Auf einmal rief mich mein Mann an und sagte mir, dass die Türe offen sei. Ich vermutete zuerst, dass das einfach jemand beim letzten Mal vergessen hatte, obwohl auch das ungewöhnlich gewesen wäre. Ein paar Minuten später rief er mich wieder an und erzählte, dass in dem Haus leere Bierflaschen, Zigaretten, Spritzen und Schlafsäcke liegen. Da war der Schreck natürlich groß! Ich habe meinen Mann dann gebeten, dass er es etwas wegräumen kann, bis die Käufer kommen.

Wenig darauf sagte er zu mir, dass jemand im Keller im Hobbyraum sei.
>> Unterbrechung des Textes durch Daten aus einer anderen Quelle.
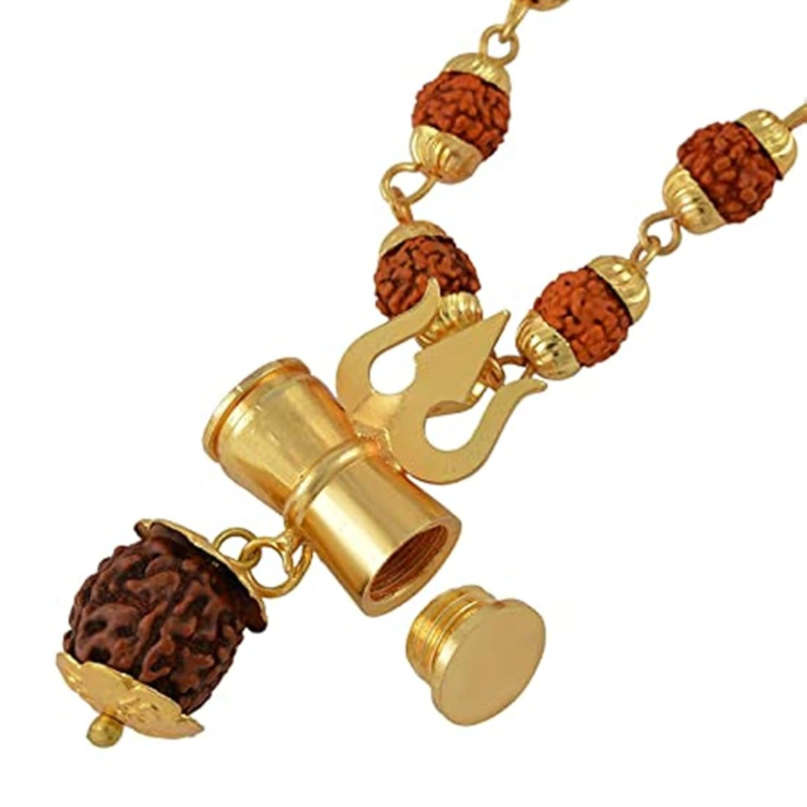Below the Trishakti symbol is a genuine 5 Mukhi Rudraksha, carefully capped to enhance durability and appearance. The warm earthy tones of the Rudraksha combined with the golden finish give this necklace a divine and devotional presence, making it suitable for daily wear, meditation, or religious occasions.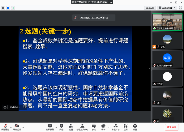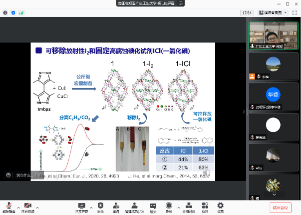 11月3日上午,何军教授为公司师生做“新型导电MOF的设计合成”报告并分享国家自然科学基金申报经验。金属有机框架(MOFs)具有结构高度有序、大比表面积、高孔隙率、容易设计合成等特点,已表现出在气体吸附、分离、存储、催化、传感及医学成像等方面具有广阔的应用前景。长久以来,人们一直认为MOFs强度太低、孔功能匮乏、导电性能差等问题,无法实现在工业上大规模应用。何军教授围绕以上问题,介绍了他课题组在新型导电MOF的设计合成上取得的阶段性进展。此外,何军教授还与环建师生分享了申报国家基金的个人经验。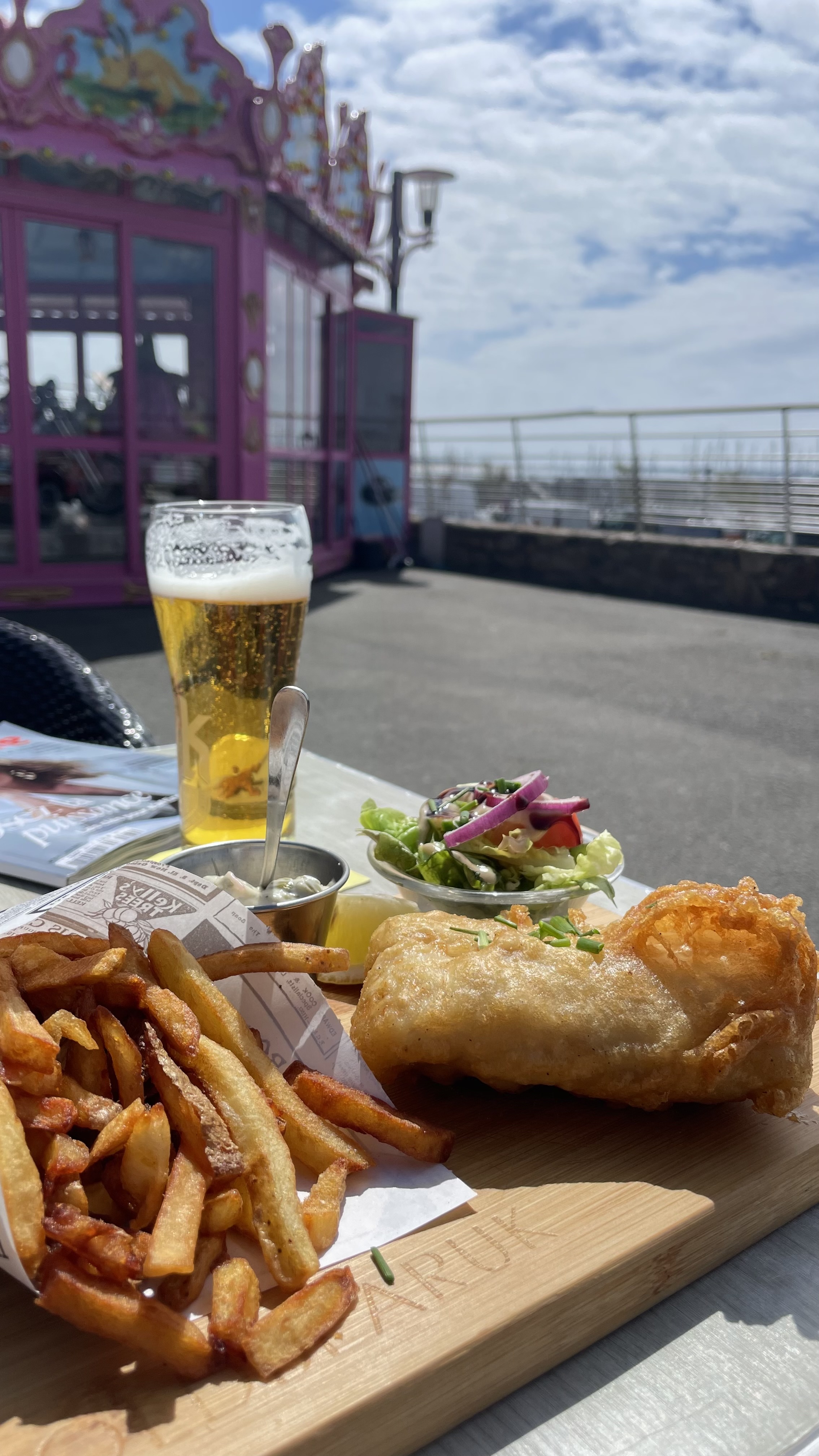 Un délicieux fish and chips avec vue sur le port. Service chaleureux et super rapport qualité prix ! Je recommande !!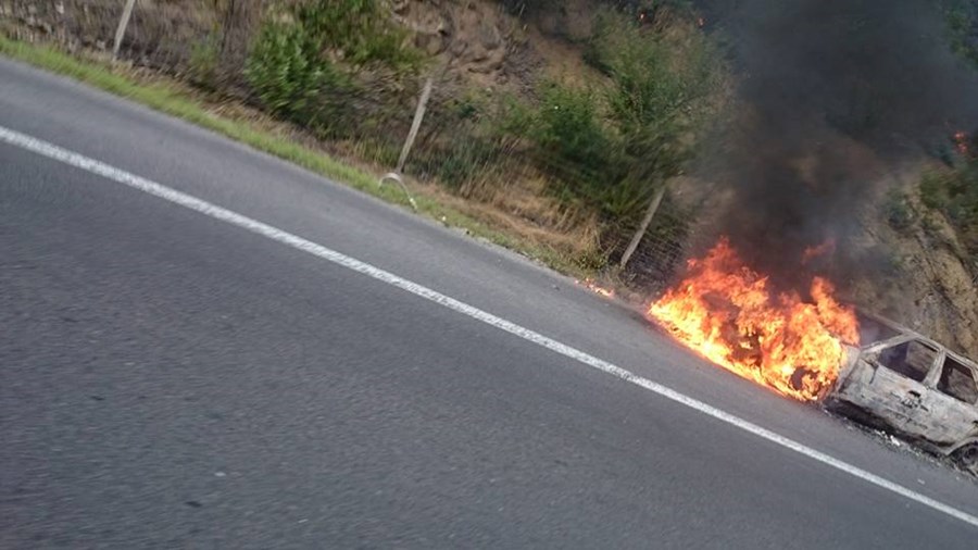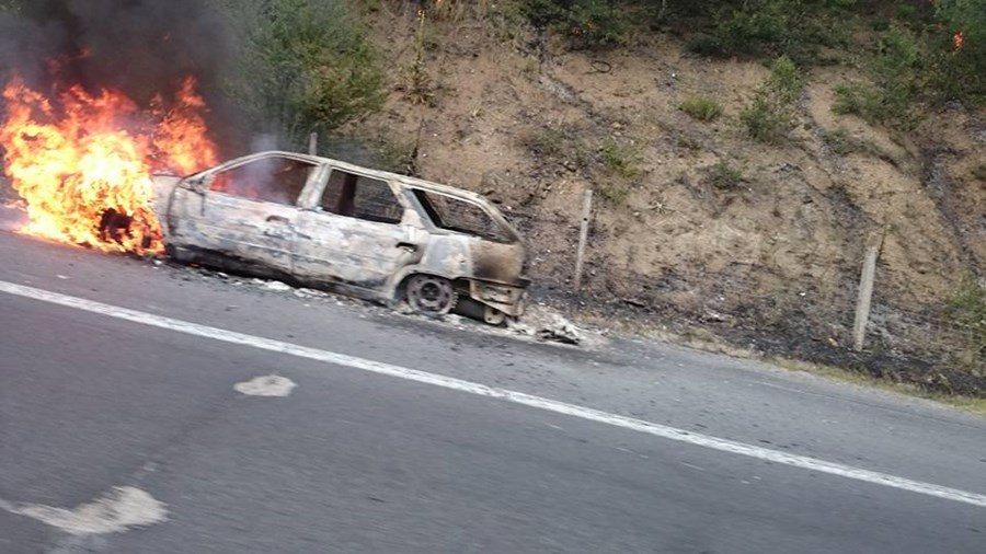Кола изгоря като факла на магистрала "Тракия"

Wir haben sofort die Polizei gerufen. Kurz später kamen gleichzeitig sowohl die Käufer als auch das SEK mit mehreren Einsatzwagen an. Das Haus wurde gestürmt mit einem lauten „TÜR FLIEGT“! Die neuen Eigentümer waren komplett geschockt.

Es stellte sich heraus, dass der Nachbarsjunge mit Freunden in das Haus eingebrochen war und sie im Keller geklaute Fahrräder lagerten, um diese weiterzuverkaufen. Nach dem ersten großen Schrecken konnten aber zum Glück auch die Käufer relativ bald wieder beruhigt werden und sich auf Ihr neues Zuhause freuen. Seitdem, wenn es etwas spannend wird, denke ich oft an „TÜR FLIEGT“.

Wohin soll Ihre nächste Reise gehen bzw. was ist Ihr Lieblingsreiseziel?

Meine nächste Reise geht nach Griechenland. Ich war selbst noch nie dort, aber einige meiner Freunde sind Griechen und jetzt will ich da auch mal hin. Für Pfingsten habe ich eine Woche Kreta gebucht. In den Sommerferien fahren wir dann mit einem Kreuzfahrtschiff von Venedig über Kroatien und Griechenland. Wir fahren jeden Sommer mindestens eine Woche mit einem Schiff und auch jedes Jahr woanders. Eine schöne Möglichkeit, immer etwas Neues zu entdecken. An Pfingsten machen wir dann meistens noch einen kleinen Badeurlaub. Wenn mein Sohn etwas älter ist, werden wir uns auch die weiteren Reiseziele wie z.B. China anschauen.